## MATERIAL TO PROCESS
::::::::::
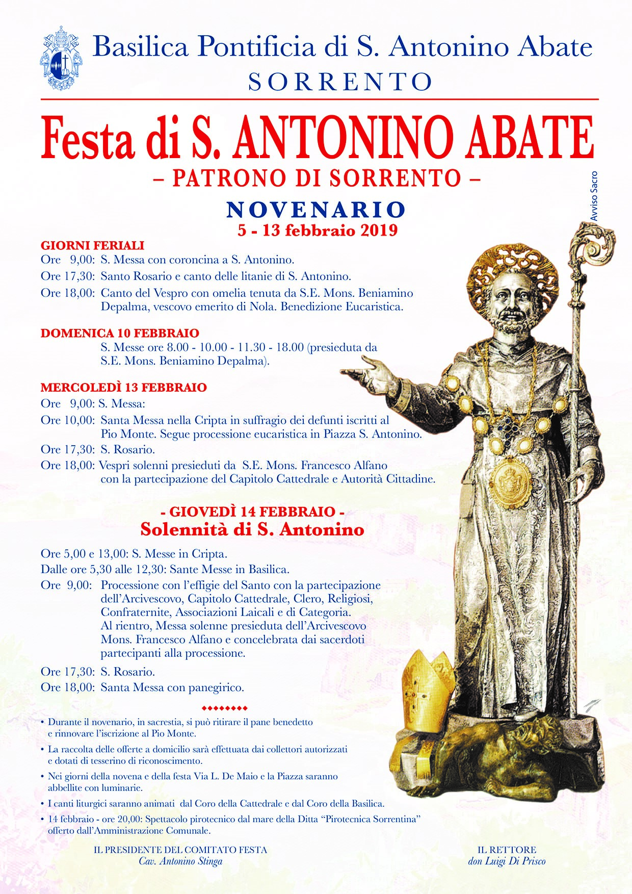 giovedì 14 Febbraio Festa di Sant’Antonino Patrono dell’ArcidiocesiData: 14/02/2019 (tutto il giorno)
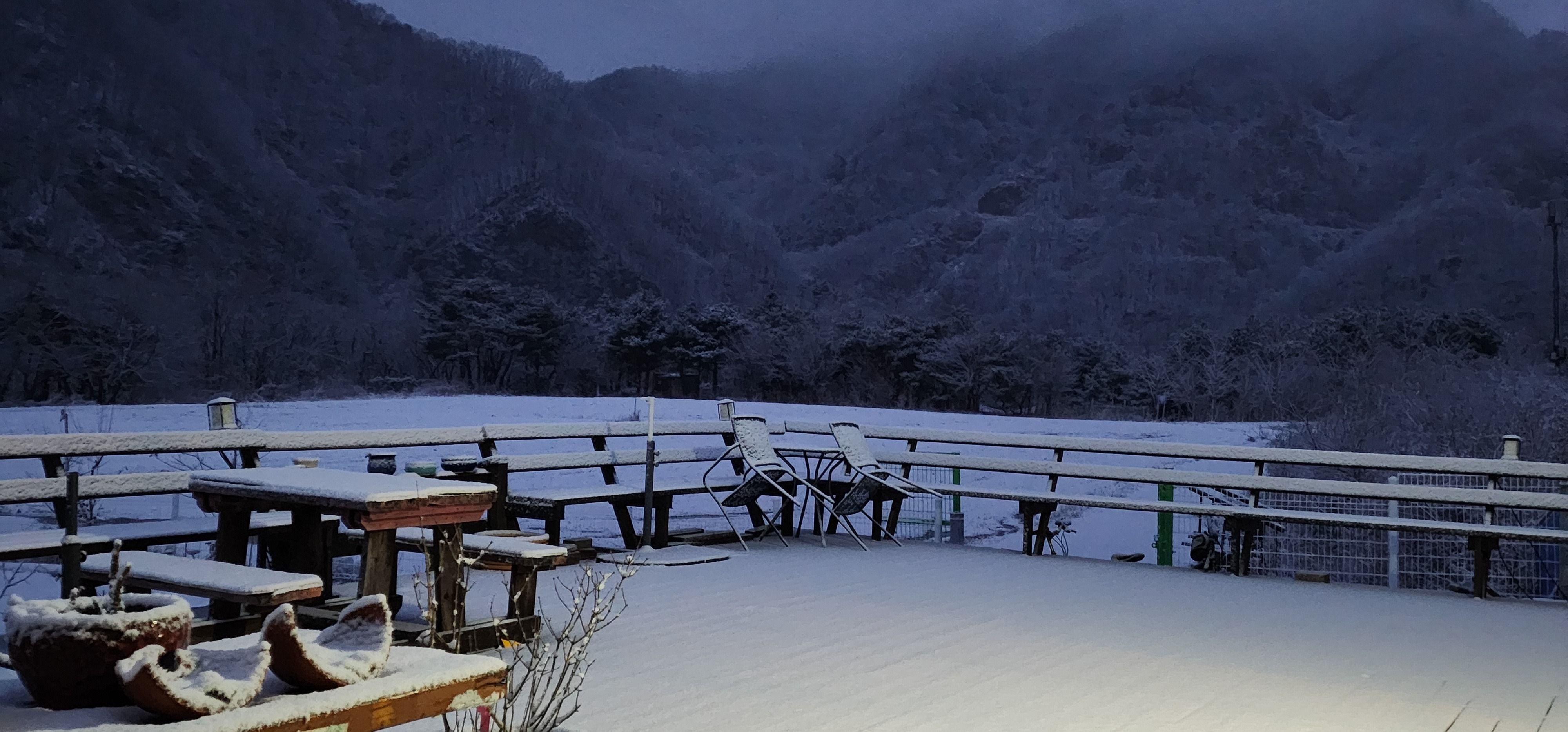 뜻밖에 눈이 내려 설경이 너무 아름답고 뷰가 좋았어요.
::::::::::
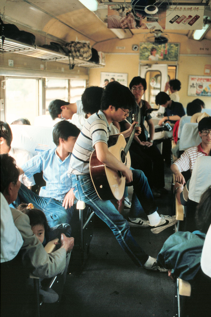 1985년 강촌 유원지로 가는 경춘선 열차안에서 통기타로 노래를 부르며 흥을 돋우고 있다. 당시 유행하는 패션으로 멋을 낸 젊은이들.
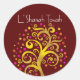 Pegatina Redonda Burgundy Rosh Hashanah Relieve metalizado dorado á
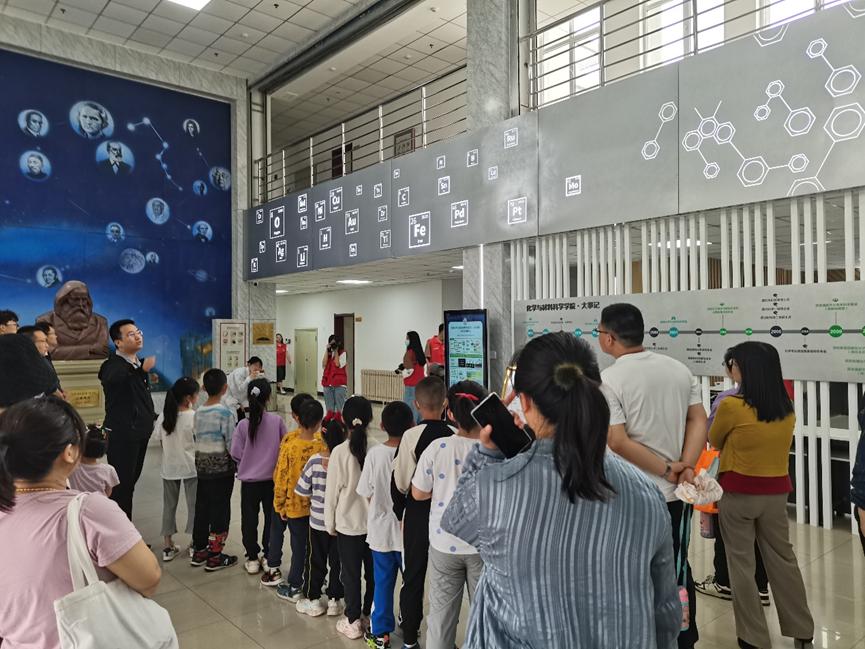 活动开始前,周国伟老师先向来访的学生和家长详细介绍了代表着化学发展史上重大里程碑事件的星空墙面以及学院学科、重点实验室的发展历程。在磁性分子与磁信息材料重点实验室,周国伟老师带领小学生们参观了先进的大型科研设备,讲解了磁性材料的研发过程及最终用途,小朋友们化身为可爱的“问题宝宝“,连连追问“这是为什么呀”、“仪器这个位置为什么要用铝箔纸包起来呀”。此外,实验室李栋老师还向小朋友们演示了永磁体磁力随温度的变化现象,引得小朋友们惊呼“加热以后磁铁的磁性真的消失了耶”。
::::::::::
## TASK BRIEF
Quote word for word only the lines above from the one containing "Pegatina Redonda Burgundy" through the one containing "活动开始前,周国伟老师先向来". Pictures stay out of your copy.

## WRITTEN RESPONSE
 Pegatina Redonda Burgundy Rosh Hashanah Relieve metalizado dorado á
 活动开始前,周国伟老师先向来访的学生和家长详细介绍了代表着化学发展史上重大里程碑事件的星空墙面以及学院学科、重点实验室的发展历程。在磁性分子与磁信息材料重点实验室,周国伟老师带领小学生们参观了先进的大型科研设备,讲解了磁性材料的研发过程及最终用途,小朋友们化身为可爱的“问题宝宝“,连连追问“这是为什么呀”、“仪器这个位置为什么要用铝箔纸包起来呀”。此外,实验室李栋老师还向小朋友们演示了永磁体磁力随温度的变化现象,引得小朋友们惊呼“加热以后磁铁的磁性真的消失了耶”。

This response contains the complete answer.